What the task asks:
Below this line are records; write out exactly the lines from the one containing "Me parece que" through the one containing "black, cropped, grommet", with the pictures left out.

Material supplied:

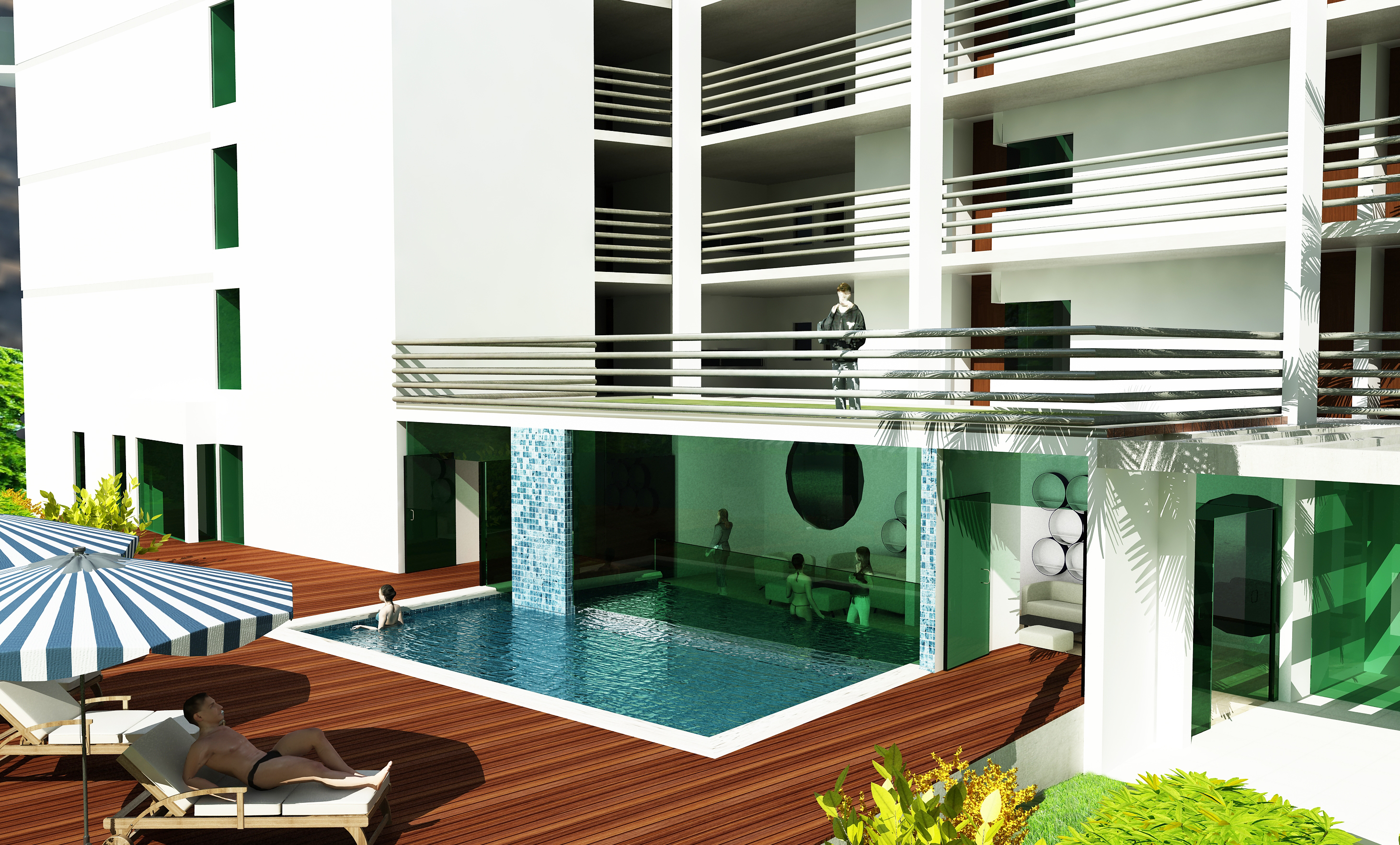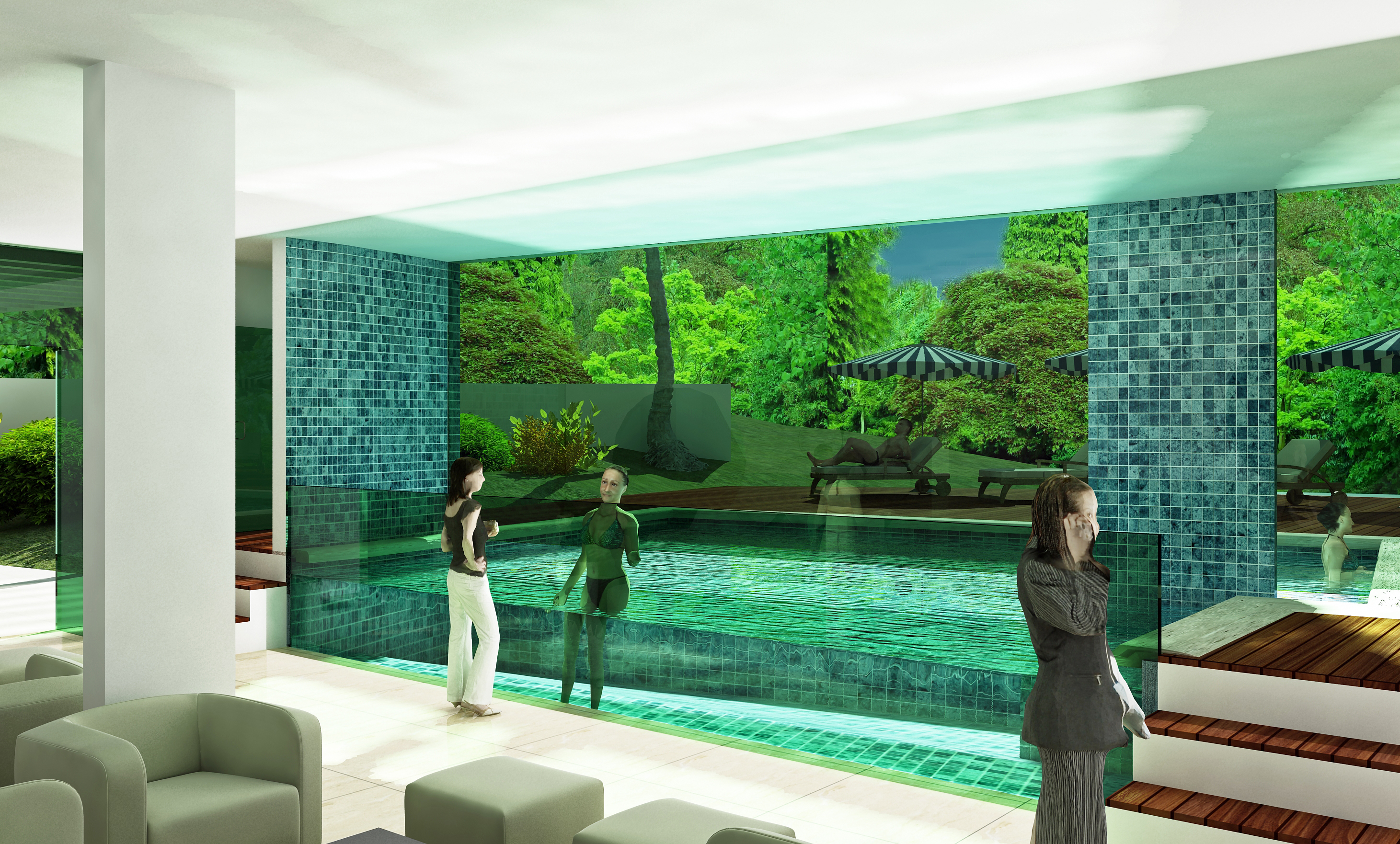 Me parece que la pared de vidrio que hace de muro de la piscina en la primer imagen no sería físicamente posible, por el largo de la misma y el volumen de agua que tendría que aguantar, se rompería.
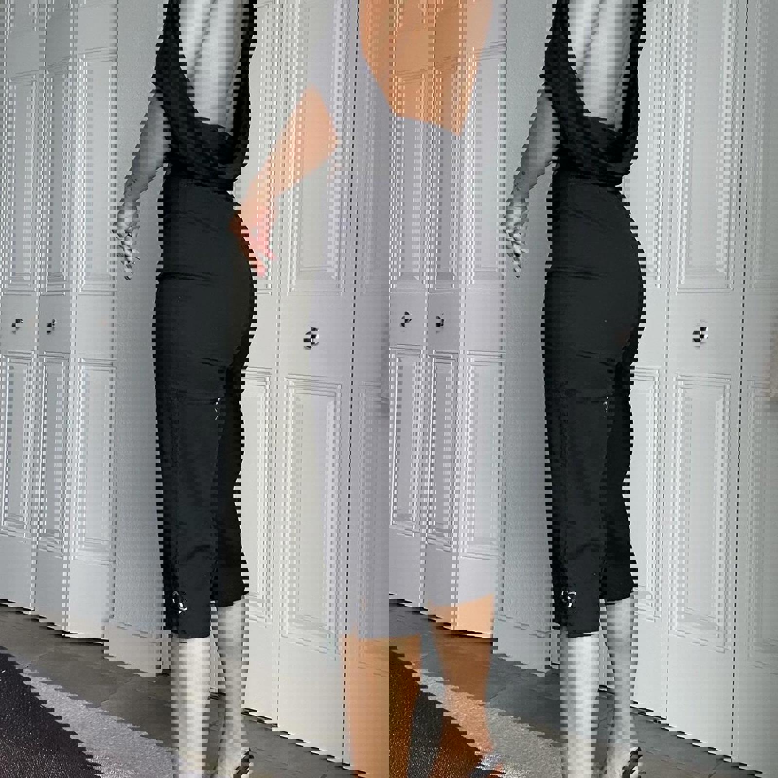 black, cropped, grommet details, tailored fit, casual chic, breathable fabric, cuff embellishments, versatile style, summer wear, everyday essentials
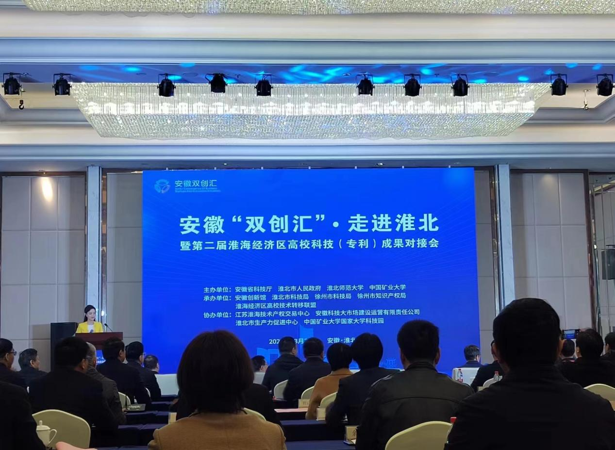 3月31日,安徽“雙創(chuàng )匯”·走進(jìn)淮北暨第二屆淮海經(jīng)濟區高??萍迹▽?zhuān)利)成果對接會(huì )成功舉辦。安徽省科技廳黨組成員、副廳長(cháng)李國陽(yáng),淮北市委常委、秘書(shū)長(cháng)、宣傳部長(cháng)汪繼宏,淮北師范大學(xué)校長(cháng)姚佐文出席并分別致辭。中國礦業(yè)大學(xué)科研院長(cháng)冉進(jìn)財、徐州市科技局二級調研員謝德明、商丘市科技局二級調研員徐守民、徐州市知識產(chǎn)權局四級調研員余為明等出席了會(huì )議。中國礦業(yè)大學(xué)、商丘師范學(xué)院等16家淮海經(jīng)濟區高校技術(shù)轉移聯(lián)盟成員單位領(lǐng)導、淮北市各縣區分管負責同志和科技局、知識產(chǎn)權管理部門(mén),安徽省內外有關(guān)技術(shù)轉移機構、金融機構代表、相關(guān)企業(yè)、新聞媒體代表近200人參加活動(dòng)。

==

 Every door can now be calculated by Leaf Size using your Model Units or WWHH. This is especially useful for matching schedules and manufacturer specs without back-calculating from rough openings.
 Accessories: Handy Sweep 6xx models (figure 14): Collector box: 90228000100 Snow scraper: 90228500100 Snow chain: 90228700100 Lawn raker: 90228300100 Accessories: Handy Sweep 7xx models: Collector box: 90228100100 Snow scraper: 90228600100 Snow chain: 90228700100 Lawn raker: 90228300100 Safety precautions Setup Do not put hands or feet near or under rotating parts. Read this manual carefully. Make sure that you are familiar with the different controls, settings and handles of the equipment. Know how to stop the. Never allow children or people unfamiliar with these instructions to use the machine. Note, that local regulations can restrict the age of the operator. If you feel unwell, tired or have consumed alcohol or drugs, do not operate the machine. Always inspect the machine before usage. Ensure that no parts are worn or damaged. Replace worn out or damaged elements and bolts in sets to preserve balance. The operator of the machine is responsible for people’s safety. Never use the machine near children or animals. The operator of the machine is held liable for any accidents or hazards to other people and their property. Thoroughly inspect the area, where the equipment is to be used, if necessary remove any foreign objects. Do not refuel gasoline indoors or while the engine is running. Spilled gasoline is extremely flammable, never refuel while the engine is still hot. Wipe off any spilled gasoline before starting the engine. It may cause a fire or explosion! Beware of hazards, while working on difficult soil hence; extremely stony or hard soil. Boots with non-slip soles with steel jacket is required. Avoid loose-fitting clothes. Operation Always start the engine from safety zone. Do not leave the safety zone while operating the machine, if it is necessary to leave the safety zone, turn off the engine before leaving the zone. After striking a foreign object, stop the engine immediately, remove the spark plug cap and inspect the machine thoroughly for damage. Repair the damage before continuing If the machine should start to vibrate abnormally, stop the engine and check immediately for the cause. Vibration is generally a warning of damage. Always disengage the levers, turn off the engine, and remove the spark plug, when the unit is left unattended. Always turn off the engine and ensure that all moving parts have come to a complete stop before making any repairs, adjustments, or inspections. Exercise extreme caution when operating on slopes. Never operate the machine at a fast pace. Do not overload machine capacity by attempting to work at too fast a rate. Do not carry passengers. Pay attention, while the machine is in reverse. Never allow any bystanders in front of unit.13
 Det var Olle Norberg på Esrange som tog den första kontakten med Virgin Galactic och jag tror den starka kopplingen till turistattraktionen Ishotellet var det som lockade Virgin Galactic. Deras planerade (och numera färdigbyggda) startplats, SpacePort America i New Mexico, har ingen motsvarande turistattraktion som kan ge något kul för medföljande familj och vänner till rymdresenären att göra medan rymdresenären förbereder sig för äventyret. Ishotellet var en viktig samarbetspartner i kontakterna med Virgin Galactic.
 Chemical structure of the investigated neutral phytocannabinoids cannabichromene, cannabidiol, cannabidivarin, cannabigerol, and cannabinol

Expected answer:
 Me parece que la pared de vidrio que hace de muro de la piscina en la primer imagen no sería físicamente posible, por el largo de la misma y el volumen de agua que tendría que aguantar, se rompería.
 black, cropped, grommet details, tailored fit, casual chic, breathable fabric, cuff embellishments, versatile style, summer wear, everyday essentials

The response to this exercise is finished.